- Born: June 28, 1929 Djambala
- Died: October 24, 2022 (aged 93) France
- Occupation: Politician
- Political party: Congolese Party of Labour
- Awards: Officer of the Congolese Order of Merit; Officer of the National Order of the Lion; Order of the Yugoslav flag with ribbon; Officer of the National Order of the Ivory Coast; Commander of the Order of the Equatorial Star ;
- Position held: Member of the Senate of the Republic of the Congo, Member of the Senate of the Republic of the Congo (2014–2017), Member of the Senate of the Republic of the Congo

= Joséphine Mountou-Bayonne =

Congolese politician (1929–2022)

Joséphine Mountou-Bayonne (June 28, 1929 – October 24, 2022) was a Congolese politician. She served in the Senate of the Republic of the Congo since its inception in 1992.

Joséphine Mountou-Bayonne was born on June 28, 1929 in Djambala. She graduated with a degree in university administration in 1963.
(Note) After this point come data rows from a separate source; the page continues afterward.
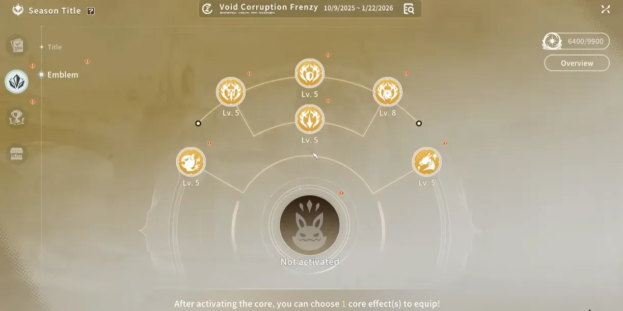 - 合計ノード レベルが 30 に達すると、プレイヤーはエンブレム コアのロックを解除し、エンブレム パワー パーツ、バウンド ルノ、シーズン ポイントを使用してレベルアップします。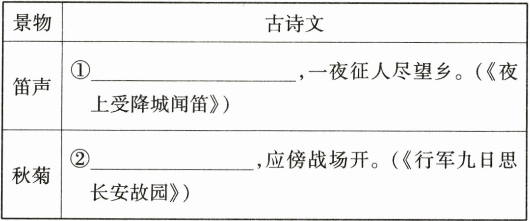 6.(8 分)生活中处处可学习,可成长。小乐发现古诗文中作者常借助特定的景物表情达意,请你根据提示填写内容。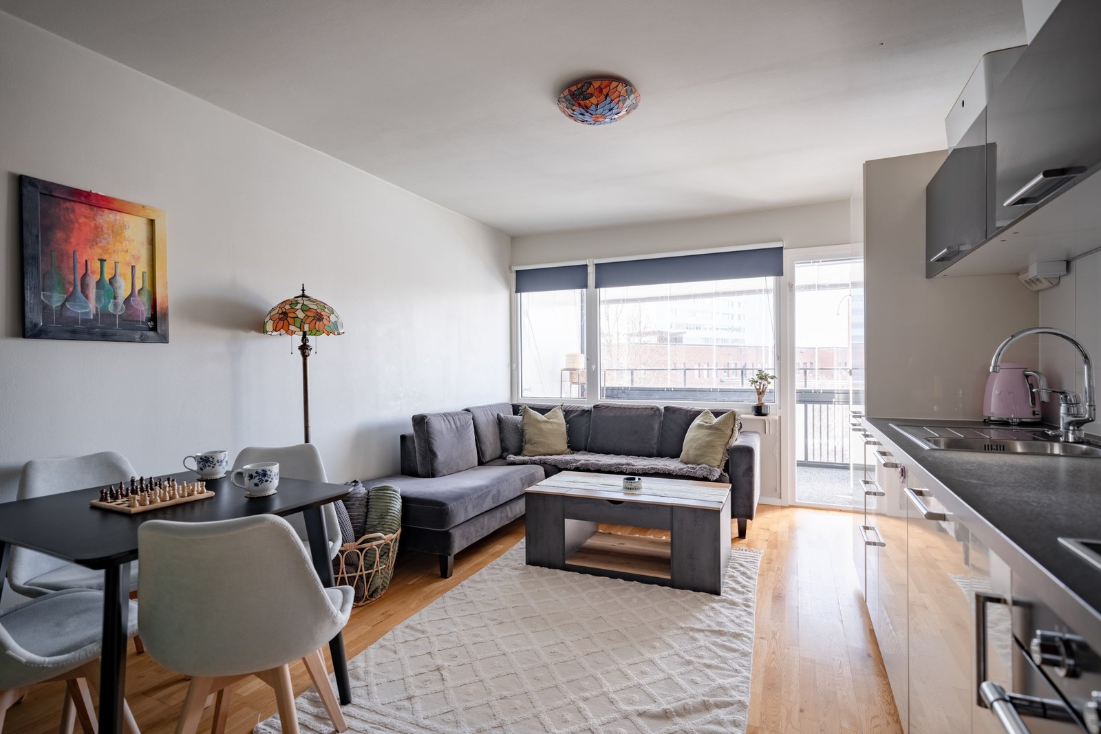 Välkommen till en ljus och välplanerad 3:a med öppen planlösning, genomgående parkettgolv och moderna ytskikt.
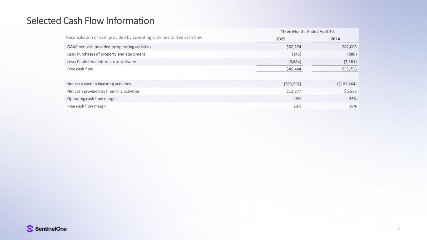 37 Selected Cash Flow Information GAAP net cash provided by operating activities Less: Purchases of property and equipment Less: Capitalized internal-use software Free cash flow Net cash used in investing activities Net cash provided by financing activities Operating cash flow margin Free cash flow margin $52,274 (146) (6,684) $45,444 ($65,592) $12,277 23% 20% $42,003 (886) (7,361) $33,756 ($106,264) $6,533 23% 18% Three Months Ended April 30, 2025 2024Reconciliation of cash provided by operating activities to free cash flow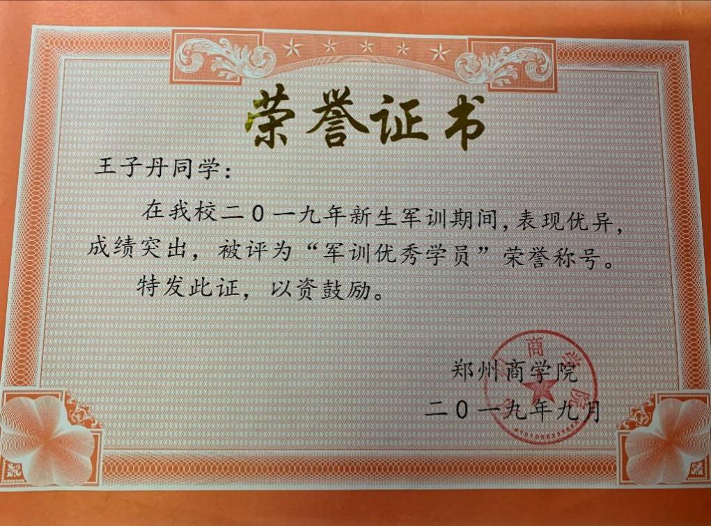 王子丹同学入校以来一直严格要求自己,在军训期间担任军训负责人,刻苦训练提升自我,获得“军训优秀学员”荣誉证书。在自我提升的同时带领全班同学一起训练,一遍一遍的练习走正步、帮助同学纠正错误动作、组织趣味活动等,提高了班级凝聚力。在训练中学会了坚持,不放弃,勇于战胜自己,磨练了不屈不挠的意志。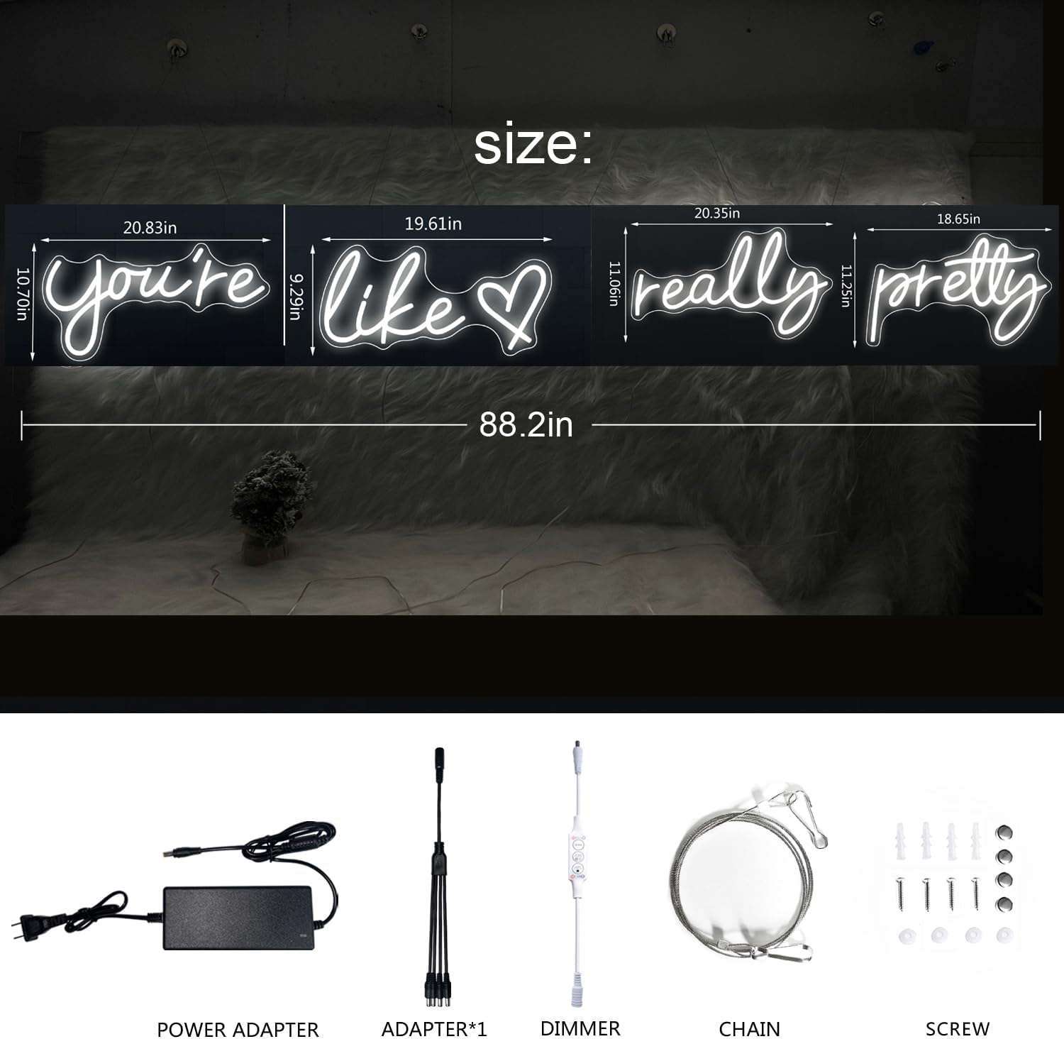 - Exquisite Art Carving Design: Our neon lights feature a stunning art carving design crafted with silicone light strips and wear-resistant acrylic backplates. The "You're Like Really Pretty" message is intricately engraved on crystal-clear acrylic. Enhanced with surrounding pink LED neon strip lighting, the engraved letters illuminate, showcasing the vibrant colors of the strip.

She joined the National Movement of the Revolution in 1964 and was a founding member of the Congolese Party of Labour (PCT) in 1972. She served as a deputy in the National Assembly in 1973 to 1978. She became a Senator representing the Plateaux Department in 1992, serving until 1997 when her term was interrupted by the Republic of the Congo Civil War. She again served as a senator from 2002 until her death.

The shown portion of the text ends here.